Experiment 1 Comparison with is_prime function

I tried to increase the speed by using the simple ʻis_prime` function (primality test function) shown below as a baseline. About the code The same part as the baseline is omitted. Regarding Cython, we verified the difference in speed depending on the type location.

baseline


def find_factor(n):
    answer = n
    for i in range (2,n):
        if n % i == 0:
            answer = i
            break
    return answer

def is_prime(n):
    if find_factor (n) != n:
        return False
    else:
        return True
Speed up with Numba
from numba import jit
@jit
def find_factor0 (n):
    #Abbreviation
def is_prime0 (n):
    #Abbreviation
Acceleration with Cython 1 (Cython1)

Just compile with Cython without changing the code

% load_ext Cython
%% cython
def find_factor1(n):
    #Abbreviation
def is_prime1(n):
    #Abbreviation
Acceleration with Cython 2 (Cython2)

Type all variables

% load_ext Cython
%% cython
def find_factor2(int n):
    cdef int answer = n
    cdef int i
    #Abbreviation
def is_prime2(n):
    #Abbreviation
Acceleration with Cython 2-1 (Cython2-1)

Type definition only i of for statement

% load_ext Cython
%% cython
def find_factor2_1(n):
    answer = n
    cdef int i
    #Abbreviation
def is_prime2_1(n):
    #Abbreviation
Acceleration with Cython 2-2 (Cython2-2)

Type only answer

% load_ext Cython
%% cython
def find_factor2_2(n):
    cdef int answer = n
    #Abbreviation
def is_prime2_2(n):
    #Abbreviation
Speeding up with Cython 2-3 (Cython2-3)

Type definition only argument n

% load_ext Cython
%% cython
def find_factor2_3(int n):
    #Abbreviation
def is_prime2_3(int n):
    #Abbreviation
Acceleration with Cython 2-4 (Cython2-4)

Type definition other than argument n

% load_ext Cython
%% cython
def find_factor2_4(n):
    cdef int answer = n
    cdef int i
    #Abbreviation
def is_prime2_4(n):
    #Abbreviation
Acceleration with Cython 3 (Cython3)

Define the findfactor function with cdef

% load_ext Cython
%% cython
cdef int find_factor3(int n):
    cdef int answer = n
    cdef int i
    #Abbreviation
def is_prime3(n):
    #Abbreviation

In all experiments, the time required to determine the prime number 131071 was measured by % timeit. The average time and standard deviation of the processes executed 100 times each are as follows.

Comparison of speed of is_prime function
Baseline Numba Cython1
No code change
Cython2
The function itself
Cython3
All variables in the function
time(ms) 8.69±0.2 0.49±0.0 5.34±0.1 0.43±0.0 0.43±0.0
Comparison of speed by type definition in Cython
Cython2-1
for statement i only
Cython2-2
answer only
Cython2-3
Argument n only
Cython2-4
Other than argument n
time(ms) 4.81±0.1 5.27±0.4 6.62±0.1 4.85±0.1

From the result of Cython2, it is the fastest for Cython when all the type information is defined. Now let's consider the change in velocity due to the difference in the type definition. As you can see from the difference between Cython2-1 and Cython2-2, the effect of type-defining variables is largely due to the former (type-defining iterator variable ʻi). This is because the type check is entered for each operation in the increment calculation performed in the for loop (equivalent to the process of calling ʻint .__ add__ every time), so if it is executed a lot, the overhead will be high, but the type definition It is thought that this overhead is eliminated by calculating ʻi + 1` directly on the C language.

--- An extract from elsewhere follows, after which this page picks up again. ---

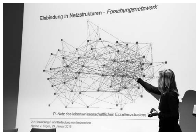
Nadine V. Kegen.

Report“, der von der Forschungsstelle des Netzwerks Frauen- und Geschlechterforschung NRW laufend erstellt wird, könne die Diskussion um Geschlechtergerechtigkeit in die Hochschulen getragen werden.

Also, paying attention to Cython2-3, the argument-only type definition is slower than Cython1. I thought it should be faster by removing the dynamic type checking in the arguments when calling the find factor function, but it's actually slower. Considering that there is a compilation overhead due to the argument type definition rather than those effects, we defined the following functions hoge1, hoge2, which do nothing but differ only in the presence or absence of the argument type definition, and compared the speeds. However, there was a slight difference.

%% cython
def hoge1 (n,a,b,c):
    return
def hoge2 (int n, int a, int b, int c):
    return

However, even with the above function, the difference was about 10 ns (10 million loops are rotated and the difference should not be an error from the standard deviation value), and in addition, there was almost no difference when there was one argument, so this overhead It is not considered that the difference is due to. You can also see from Cython2-4 that it is faster to type the arguments if all the variables in the find factor are typed. From the above, the cause of the delay in Cython2-3 is the dynamic when only one of the n% i == 0 operations is type-defined than when neither n nor i is type-defined. I think the conclusion is that the overhead of the check is larger, but I didn't understand the reason.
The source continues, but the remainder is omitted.